:: Source material ::

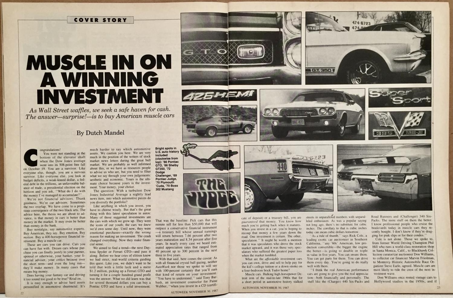 With the sky high prices of collector cars of recent, this magazine offered up what some people elect to invest in. Life’s a gamble and so are our investments, but owning a true collectible automobile to look at, work on and drive is priceless. JMO, Chris
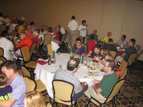 Po powrocie z wycieczki zostało niewiele czasu na przygotowanie do ceremonii ogłoszenia wyników. Stroje (dress code) to raczej długie spodnie. Włożyłem czerwoną koszulkę sędziego - tę oficjalną z kołnierzykiem. Uroczystość zaczęła się od posiłku przy stole szwedzkim i drinkach w cash bar. Następnie jeden ze sponsorów biura turystycznego Wysp Azorskich na Atlantyku (wyspy należą do Portugalii) przedstawił ciekawą i humorystyczną prezentacje walorów turystycznych tego rejonu również pod kątem nadawania na radiostacji. Po tych elementach ceremonii zaczęła się prezentacja wyników. Wcześniej jednak nagrodzono wolontariusza za poświecenie mimo poważnego skaleczenia nogi od wbijanego słupka stalowego na odciągi masztu. Skaleczenie wymagało interwencji chirurga, ale wolontariusz był już następnego dnia na swoim posterunku. Nagradzano teamy za największą liczbę łączności telegraficznych, fonicznych, największy uzyskany mnożnik, najlepszą jakość pracy czyli braku błędów w znakach i odebranych raportach (tu nagrodę dostał "mój" team W1P - utrata tylko 1% punktów). Pomyślałem, że to dobry znak aby mój team mógł się przesunąć wyżej w ostatecznej kwalifikacji zważywszy na niewielkie różnice miedzy drużynami na 3-4-5 miejscu. No i w zasadzie od razu okazało się po dramatycznej opowieści Dave'a K1ZZ o ciężkiej pracy i trudnych decyzjach komitetu WRTC, że 3 miejsce zajął właśnie mój team "W1Polska". Na drugim miejscu byli Słowacy a pierwsze miejsce zajęli Amerykanie. Zdjęć i fanfar było mnóstwo. Radości no i smutki niektórych. Jednak najważniejsze jest to ze wszystkim udzieliła się dobra atmosfera, a wysiłek w pracy na radiostacji pozostał jako piękne i niezapomniane wspomnienie przeżytych chwil. Zdjęcia z gali:
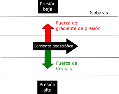 El agua de mar tiende naturalmente a moverse de una región de alta presión (o nivel del mar alto) a una región de baja presión (o nivel del mar bajo). La fuerza que empuja el agua hacia la región de baja presión se llama fuerza de gradiente de presión. En un flujo geostrófico, en lugar de que el agua se mueva de una región de alta presión (o nivel del mar alto) a una región de baja presión (o nivel del mar bajo), se mueve a lo largo de las líneas de presión igual (isobaras). Esto ocurre porque la Tierra está girando. La rotación de la tierra da como resultado una "fuerza" que se siente cuando el agua se mueve de lo alto a lo bajo, conocida como fuerza de Coriolis. La fuerza de Coriolis actúa en ángulos rectos al flujo, y cuando equilibra la fuerza del gradiente de presión, el flujo resultante se conoce como geostrófico.
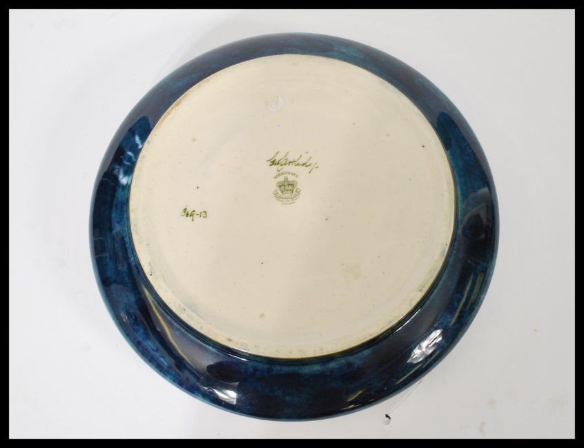 An early 20th Century Morris Ware pottery bowl designed by George Cartlidge for S. Hancock & Sons decorated with peonies on a mottled ground. Printed factory mark and painted designers and shape marks in green. Measures 7 cm high and 29 cm diameter.
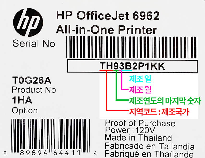 제품번호를 확인해 보니 Serial No TH93B2P1KK 라고 되어 있네요 ~
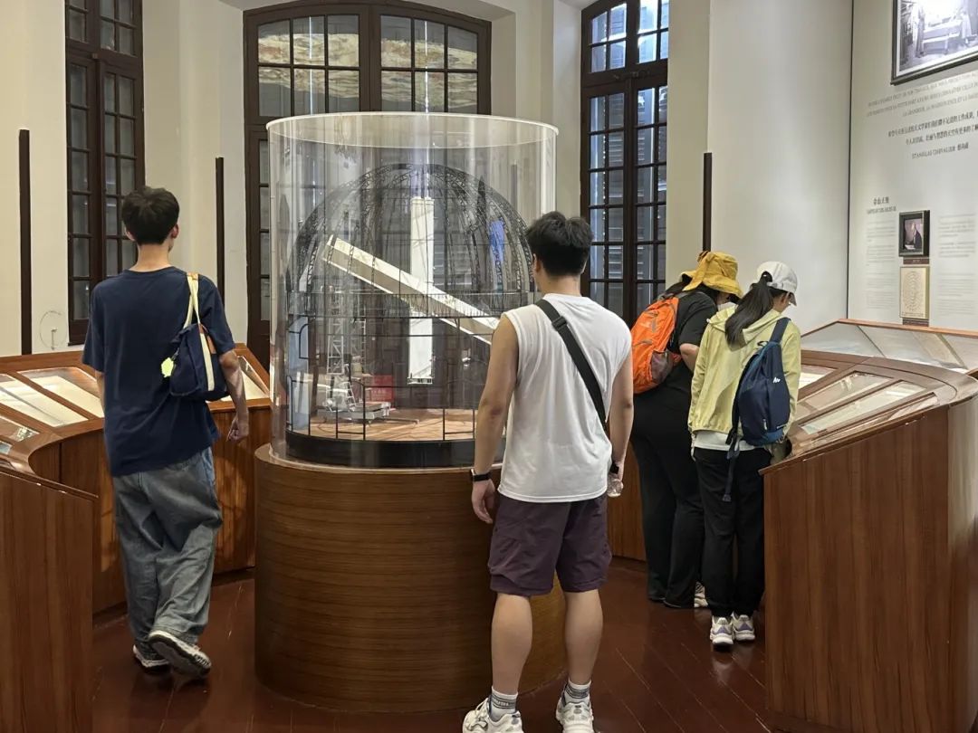 活动当天,来自世界各地的师生在志愿者尹海博的带领下,聆听百年天文台的历史,在博物馆感受天文的魅力。光是大门上方的装置“日邈”就让他们大吃一惊。据报道,这不仅是古代用太阳投射方向来衡量时间的计时仪器,也凸显了上海天文台在北京时间、星载原子钟等授时领域的背景。佘山,从外国投资者建造到自主制造,建造了中国“第一个”大型天文光学望远镜,见证了中国现代天文的发展。
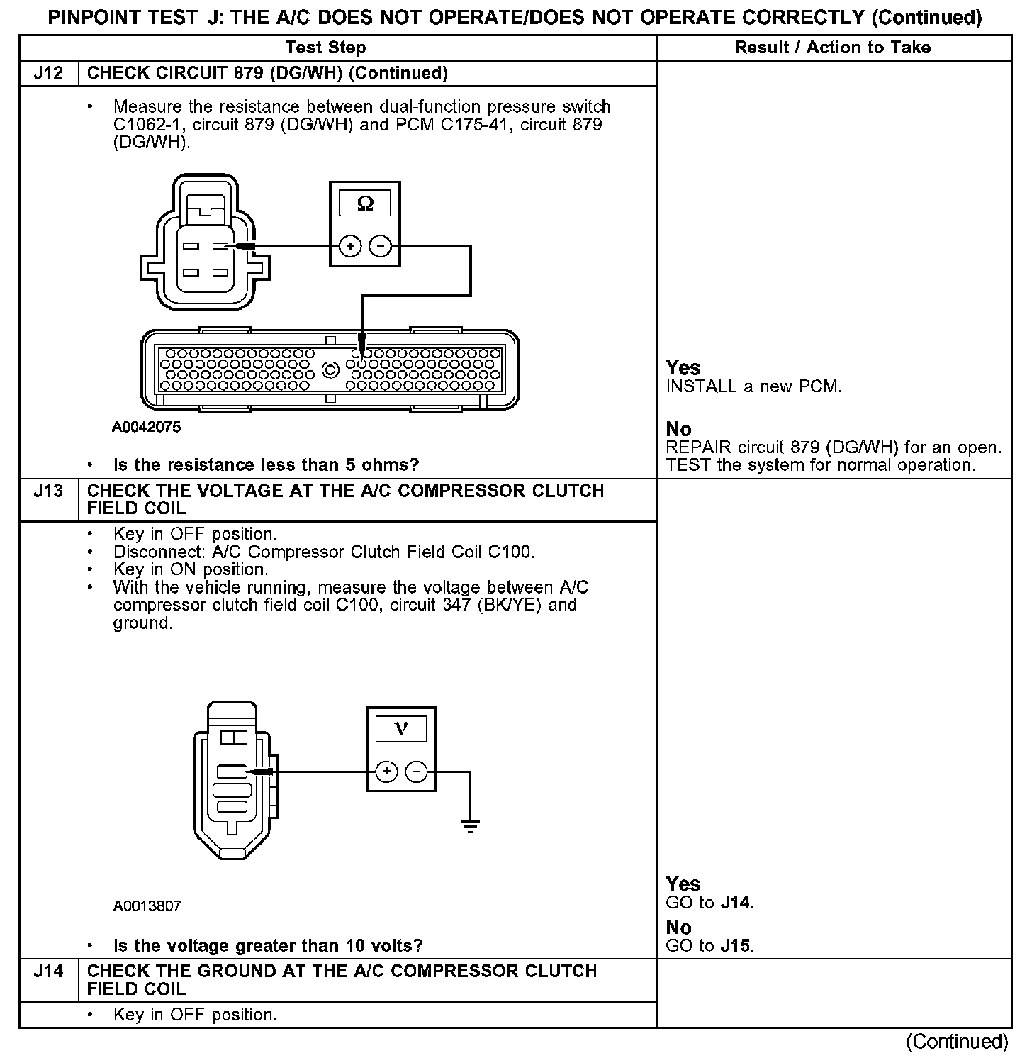 Test J: The A/C Does Not Operate/Does Not Operate Correctly
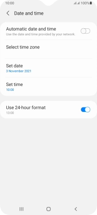 Press the indicator next to "Automatic date and time" to turn on the function.
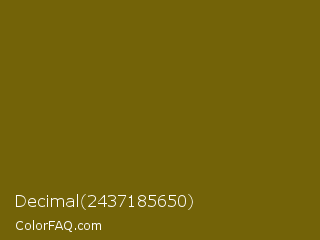 Decimal 2437185650 Color is a dark yellow color and the nearest color is Spicy Mustard #74640d. Hex code #736308 and RGB value is rgb(115,99,8). In RGB color space, this color is composed of 45% red, 39% green, 3% blue, In CMYK color space, this color is composed of 0% cyan, 14% magenta, 93% yellow , 55% black , In HSL color space, this color has a hue angle of 51° , 87% saturation and 24% lightness.
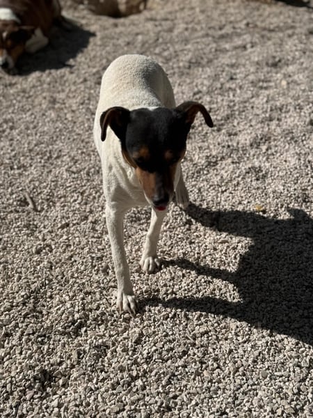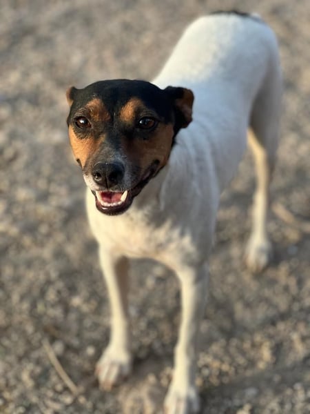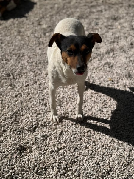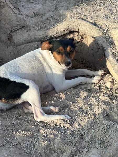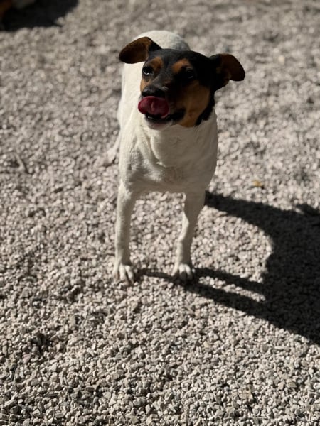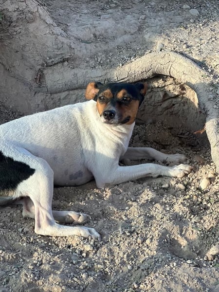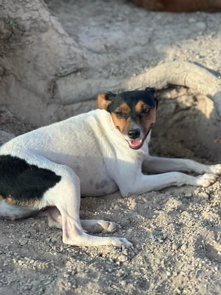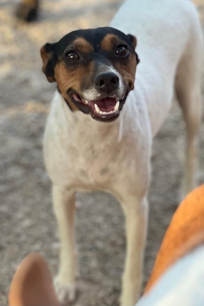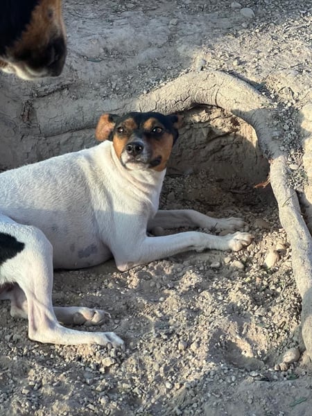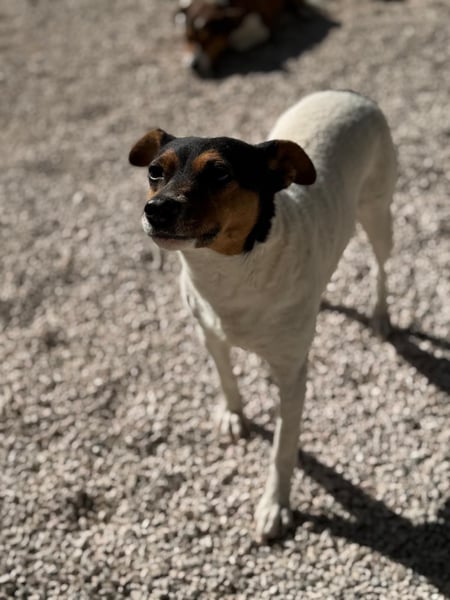 Pong ist eine hübsche, dreifarbige Bodeguero-Hündin, geboren ca.im März 2022, mit einer zierlichen Größe von ca. 33 cm und 9 kg. Seit Juli 2023 lebt sie im Tierheim bei Andres in Murcia – dabei wünscht sie sich nichts sehnlicher als einen ruhigen Platz, an dem sie ankommen darf.
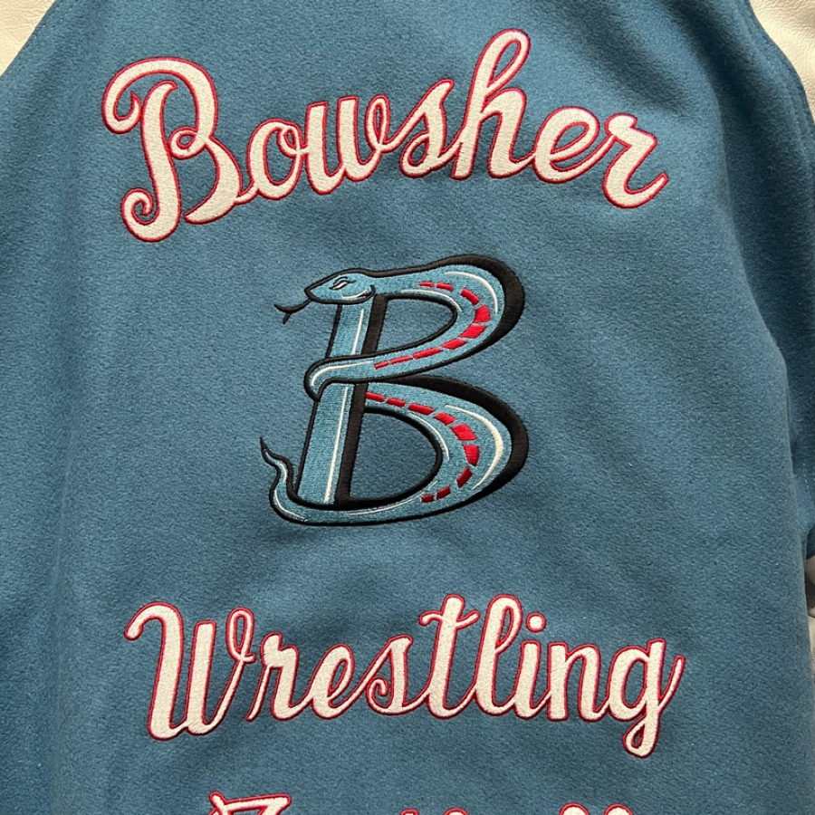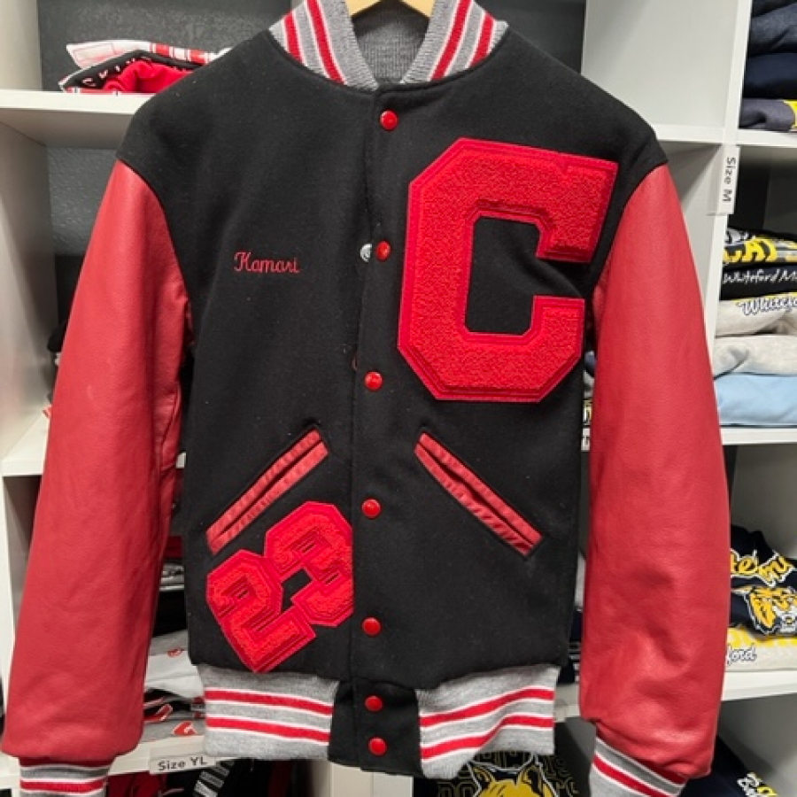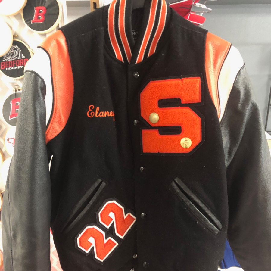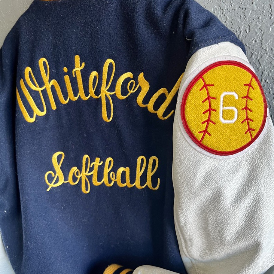 We offer custom varsity jackets for most high schools in the Ohio and Michigan areas. We have some local school jackets in stock, and we can order any school jacket needed. Please call us for our current in-stock jacket selections, or we can order your school jacket as needed. We embroider all of our jackets, and sew on the patches, in our shop. We can order custom chenille names and sports patches as well. If your school's varsity jacket is in our current stock, we can usually custom decorate in a couple of weeks, depending on our current volume. Your student can try on jackets in our showroom, and we offer after-hour appointments. Please call us for details at 734.847.3881

:::

Output each of the lines above exactly, apart from the images.

 With the sky high prices of collector cars of recent, this magazine offered up what some people elect to invest in. Life’s a gamble and so are our investments, but owning a true collectible automobile to look at, work on and drive is priceless. JMO, Chris
 Po powrocie z wycieczki zostało niewiele czasu na przygotowanie do ceremonii ogłoszenia wyników. Stroje (dress code) to raczej długie spodnie. Włożyłem czerwoną koszulkę sędziego - tę oficjalną z kołnierzykiem. Uroczystość zaczęła się od posiłku przy stole szwedzkim i drinkach w cash bar. Następnie jeden ze sponsorów biura turystycznego Wysp Azorskich na Atlantyku (wyspy należą do Portugalii) przedstawił ciekawą i humorystyczną prezentacje walorów turystycznych tego rejonu również pod kątem nadawania na radiostacji. Po tych elementach ceremonii zaczęła się prezentacja wyników. Wcześniej jednak nagrodzono wolontariusza za poświecenie mimo poważnego skaleczenia nogi od wbijanego słupka stalowego na odciągi masztu. Skaleczenie wymagało interwencji chirurga, ale wolontariusz był już następnego dnia na swoim posterunku. Nagradzano teamy za największą liczbę łączności telegraficznych, fonicznych, największy uzyskany mnożnik, najlepszą jakość pracy czyli braku błędów w znakach i odebranych raportach (tu nagrodę dostał "mój" team W1P - utrata tylko 1% punktów). Pomyślałem, że to dobry znak aby mój team mógł się przesunąć wyżej w ostatecznej kwalifikacji zważywszy na niewielkie różnice miedzy drużynami na 3-4-5 miejscu. No i w zasadzie od razu okazało się po dramatycznej opowieści Dave'a K1ZZ o ciężkiej pracy i trudnych decyzjach komitetu WRTC, że 3 miejsce zajął właśnie mój team "W1Polska". Na drugim miejscu byli Słowacy a pierwsze miejsce zajęli Amerykanie. Zdjęć i fanfar było mnóstwo. Radości no i smutki niektórych. Jednak najważniejsze jest to ze wszystkim udzieliła się dobra atmosfera, a wysiłek w pracy na radiostacji pozostał jako piękne i niezapomniane wspomnienie przeżytych chwil. Zdjęcia z gali:
 El agua de mar tiende naturalmente a moverse de una región de alta presión (o nivel del mar alto) a una región de baja presión (o nivel del mar bajo). La fuerza que empuja el agua hacia la región de baja presión se llama fuerza de gradiente de presión. En un flujo geostrófico, en lugar de que el agua se mueva de una región de alta presión (o nivel del mar alto) a una región de baja presión (o nivel del mar bajo), se mueve a lo largo de las líneas de presión igual (isobaras). Esto ocurre porque la Tierra está girando. La rotación de la tierra da como resultado una "fuerza" que se siente cuando el agua se mueve de lo alto a lo bajo, conocida como fuerza de Coriolis. La fuerza de Coriolis actúa en ángulos rectos al flujo, y cuando equilibra la fuerza del gradiente de presión, el flujo resultante se conoce como geostrófico.
 An early 20th Century Morris Ware pottery bowl designed by George Cartlidge for S. Hancock & Sons decorated with peonies on a mottled ground. Printed factory mark and painted designers and shape marks in green. Measures 7 cm high and 29 cm diameter.
 제품번호를 확인해 보니 Serial No TH93B2P1KK 라고 되어 있네요 ~
 活动当天,来自世界各地的师生在志愿者尹海博的带领下,聆听百年天文台的历史,在博物馆感受天文的魅力。光是大门上方的装置“日邈”就让他们大吃一惊。据报道,这不仅是古代用太阳投射方向来衡量时间的计时仪器,也凸显了上海天文台在北京时间、星载原子钟等授时领域的背景。佘山,从外国投资者建造到自主制造,建造了中国“第一个”大型天文光学望远镜,见证了中国现代天文的发展。
 Test J: The A/C Does Not Operate/Does Not Operate Correctly
 Press the indicator next to "Automatic date and time" to turn on the function.
 Decimal 2437185650 Color is a dark yellow color and the nearest color is Spicy Mustard #74640d. Hex code #736308 and RGB value is rgb(115,99,8). In RGB color space, this color is composed of 45% red, 39% green, 3% blue, In CMYK color space, this color is composed of 0% cyan, 14% magenta, 93% yellow , 55% black , In HSL color space, this color has a hue angle of 51° , 87% saturation and 24% lightness.
 Pong ist eine hübsche, dreifarbige Bodeguero-Hündin, geboren ca.im März 2022, mit einer zierlichen Größe von ca. 33 cm und 9 kg. Seit Juli 2023 lebt sie im Tierheim bei Andres in Murcia – dabei wünscht sie sich nichts sehnlicher als einen ruhigen Platz, an dem sie ankommen darf.
 We offer custom varsity jackets for most high schools in the Ohio and Michigan areas. We have some local school jackets in stock, and we can order any school jacket needed. Please call us for our current in-stock jacket selections, or we can order your school jacket as needed. We embroider all of our jackets, and sew on the patches, in our shop. We can order custom chenille names and sports patches as well. If your school's varsity jacket is in our current stock, we can usually custom decorate in a couple of weeks, depending on our current volume. Your student can try on jackets in our showroom, and we offer after-hour appointments. Please call us for details at 734.847.3881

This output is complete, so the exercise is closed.